The warriors settled in and he looked out to the shadows shading the lands beyond. A steady hand clapped him on the shoulder. He jerked his head sideways to find Grimhelden staring ahead with his face set. “I may not be the best swordsman, but I can cook if needs be.”

Bronherrn nodded. “We would be honored to share in your gift.”

Grimhelden stuck his chest out. Bronherrn laughed to himself as he watched his brother gather up some of the wiry weeds and brambles he had cut down before calling the halt. He may have connected with Druthleer because they were very similar, but he often wished to be closer with Grimhelden. There remained a curious distance between them that he hoped to close.

Grimhelden looked up at him over the first spark of flame that caught and ate at the sticks lying in front of their boots. Bronherrn grunted his approval. No words fit. He had other warriors to tend to. Matters to address. He finally understood why his father had always remained so silent. He must have had many thoughts and ideas to grapple with.

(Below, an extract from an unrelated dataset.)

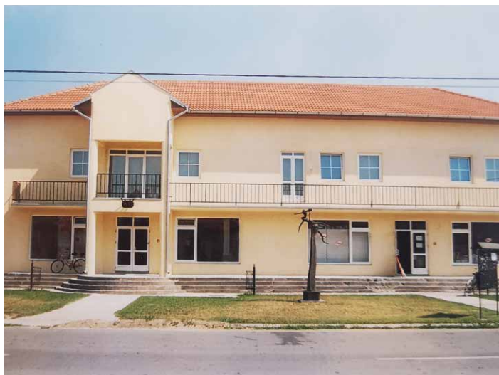
Az újjáépített művelődési ház épülete, Szentlászló, Horvátország

I wonder if he were once as foolish to be as loose with his tongue as I have been in my earlier days. Bronherrn recalled his first memories of the man he had always looked up to, but the image was dim. The exact shape of his father’s features had grown blurred over time. Shaking his head, he determined to focus on the present and plan for what was to come.

He placed his feet between the line of fighters, stepping over them. He made sure to take his time so as not compromise anyone’s safety, or his own. His muscles were already tense and his body began to shake. He performed what felt like an awkward dance to reach the rear and meet with his mother and Shanal. “How are we holding up?” He crouched down holding his breath to keep the pain of the stretch from being known.

Shanal smiled and looked to his mother. She tucked a loose strand of hair back into one of her braids.

His mother cleared her throat. “They are tired, nervous. Everything we should expect. But on the whole, a fine set of fighters.”

Bronherrn did his best to focus on his mother’s observations, but he found himself unable to avoid the coy expression on Pherlis’s face as she drew closer to them. He thanked his mother and turned to her. “Grimhelden is by the fire if you would like to speak with him.”

Her pale cheeks crimsoned and she put her hand over her mouth to stifle a giggled. “Why should I care where he is?”

Bronherrn shrugged. “It seemed you might be hungry.”

“A cause like this does strengthen one’s appetite.” She peered over Bronherrn’s shoulder and he turned slightly to allow her enough room to pass while keeping himself steady on the path.

“Leave some for the rest,” he called after her.

She stopped to smile back at him. The spark in her eyes told him she would find more than food by the fire.

“It is never easy watching your family prepare for conflict.” His mother stepped away from the group as she spoke and Bronherrn followed backtracking from where they had come.

Bronherrn glanced at Shanal speaking with her youngest daughter. Beyond them, the haze of the dim embers drifted around Grimhelden and Pherlis. He stared back at his mother with a crooked grin. “I doubt she will challenge him that badly tonight. Although Prillani riled me up from the moment I met her.”

He longed for Prillani. The reminder of her absence and the possibility of never returning to her left him homesick. His mother reached out and patted the hilt of his sword. “We love and we fight until death.”

“I have never questioned heading out to meet my fate.” Despite the conviction in his words, he hesitated for a moment ─ pondering if that were entirely true. There were times when he had hated everything that came to fruition.

“But you miss your family. I know.” She stopped and gazed up at the few stars bright enough to shine through the clouded night. “Your father and I fought together. When I became a mother, we were separated by our duties, and though we will never battle beside each other again, I look forward to using my sword once more. It makes me feel close to him.”

Bronherrn had never heard her speak this way before. He put his arm around her. “This is a journey to make amends. My hope is that the only swordplay we shall require is that of friendly sparring.”